In the run_model macro I initially set data temp to obtain local variables sourced only fom a combined DF called InfilDF, which had all 4 numeric variables as described above. I then tried changing it to the code you see here which pulls the variables from the two original tables. The result/error is the same:

      WHERE (Treatment='Biochar10tha') and (Block='Block1');  
22: LINE and COLUMN cannot be determined.
ERROR 22-322: Syntax error, expecting one of the following: ;, (, /, ESS, H, J, L95,
              L95M, LCL, LCLM, LMAX, OUT, P, PARMS, PRED, PREDICTED, PRES, PROJRES,
              PROJSTUDENT, PRSTUD, R, RESEXPEC, RESIDUAL, REXPEC, SSE, STDI, STDP, STDR,
              STUDENT, U95, U95M, UCL, UCLM, WEIGHT.
76: LINE and COLUMN cannot be determined.
ERROR 76-322: Syntax error, statement will be ignored.

The data and code is available at: https://github.com/AnelD13/SAS_infiltration. The two main places where I've found an error is both within the first macro in setting up the temp DF and in the model code itself. There may be an issue with how the Sorptivity and Kfs macro variables are being set up, as previous errors all pointed to this.


Solution

  • For anyone looking for a similar answer, I ended up simplifying it. The macro in my question created local variables which were meant to be entered into the nlm in an iterative manner with the intention of creating a 'by-loop'. I'm from an R background and had used a smiliar method there. Once the model looped through all the treatment and block variables, it was meant to output to a new data frame, using the variables from the initial input data frame along with the newly created variable. I sort-of got it to work on 3 spearate occasions without knowing how or why, but the predicted output was always way off, and the data frame output also had the wrong input variable values from the initial data frame.

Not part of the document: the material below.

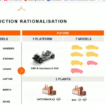 - in America Latina, le piattaforme del segmento B saranno razionalizzate, evolvendo da quattro varianti a una sola, sia per i prodotti Renault che Nissan. Questa piattaforma sarà prodotta in due stabilimenti che produrranno sia per Renault che per Nissan;

    Based on the comments above, I tried using SAS's built-in nlin function with the by-statement to loop through Treatment and Block. I've used the by-statement in other procedures but didn't think to do it for this one before I asked the question. The following code is essentially the same procedure as in the macro, but without trying to loop it externally. This was then followed by a simple merging of the two data frames, instead of looping thorugh the merge as per the macro.

    proc nlin data=InfilDF;
        parms Sorptivity=0.01 Kfs=0.01;
        model CI = Sorptivity * sqrt(Time) + Kfs;
        by Treatment Block;
        output out=PredictedResults predicted=PredictedCI;
    run;
    data InfilPredicted;
        retain Block Treatment Time CI Infiltration Sorptivity Kfs; /* I had to do this as my Time 
                    variable showed up empty*/
        merge InfilDF PredictedResults;
        by Treatment Block;
    run;
    proc sort data=InfilPredicted;
    by Treatment Block Time;
    run;
    proc print data=InfilPredicted;
    run;
    

    This is a much simpler solution, in line with much of the simplicity seen in SAS' procedures. It prevents adding in unecessary code or variables.